→ **Task directions**: Your output should be exactly the lines from the one containing "La pratica serratura" through the last line of the listing, and nothing else. Pictures stay out.

[[ Data segment open ]]

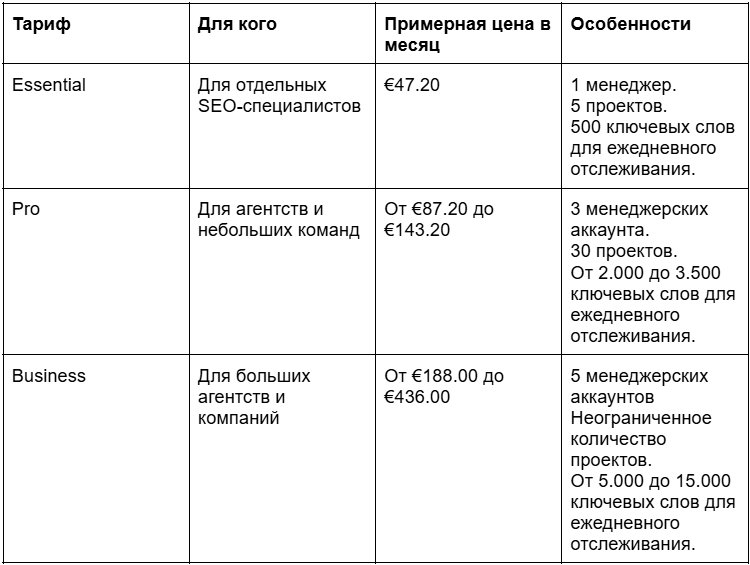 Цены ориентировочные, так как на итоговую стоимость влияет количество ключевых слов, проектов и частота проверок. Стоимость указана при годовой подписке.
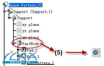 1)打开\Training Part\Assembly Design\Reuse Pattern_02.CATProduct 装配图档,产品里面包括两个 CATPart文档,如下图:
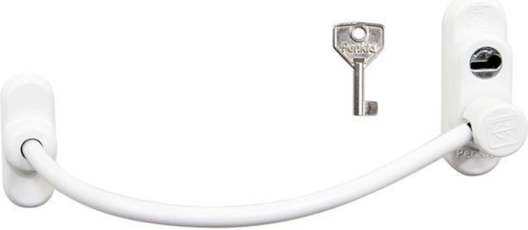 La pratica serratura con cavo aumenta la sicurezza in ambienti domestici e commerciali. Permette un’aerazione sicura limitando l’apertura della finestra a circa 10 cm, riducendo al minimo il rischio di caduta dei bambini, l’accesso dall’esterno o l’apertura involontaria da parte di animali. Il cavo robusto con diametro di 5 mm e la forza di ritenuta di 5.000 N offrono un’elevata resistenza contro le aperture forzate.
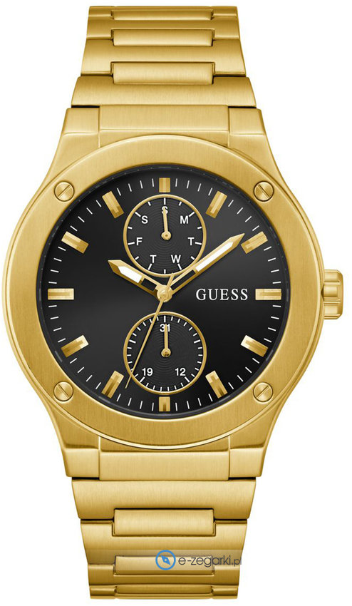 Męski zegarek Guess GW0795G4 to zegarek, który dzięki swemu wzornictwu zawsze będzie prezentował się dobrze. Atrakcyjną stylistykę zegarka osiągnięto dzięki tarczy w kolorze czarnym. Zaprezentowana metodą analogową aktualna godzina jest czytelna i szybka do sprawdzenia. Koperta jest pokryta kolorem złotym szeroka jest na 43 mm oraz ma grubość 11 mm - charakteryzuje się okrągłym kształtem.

[[ Data segment closed ]]

→ **Your solution**:
 La pratica serratura con cavo aumenta la sicurezza in ambienti domestici e commerciali. Permette un’aerazione sicura limitando l’apertura della finestra a circa 10 cm, riducendo al minimo il rischio di caduta dei bambini, l’accesso dall’esterno o l’apertura involontaria da parte di animali. Il cavo robusto con diametro di 5 mm e la forza di ritenuta di 5.000 N offrono un’elevata resistenza contro le aperture forzate.
 Męski zegarek Guess GW0795G4 to zegarek, który dzięki swemu wzornictwu zawsze będzie prezentował się dobrze. Atrakcyjną stylistykę zegarka osiągnięto dzięki tarczy w kolorze czarnym. Zaprezentowana metodą analogową aktualna godzina jest czytelna i szybka do sprawdzenia. Koperta jest pokryta kolorem złotym szeroka jest na 43 mm oraz ma grubość 11 mm - charakteryzuje się okrągłym kształtem.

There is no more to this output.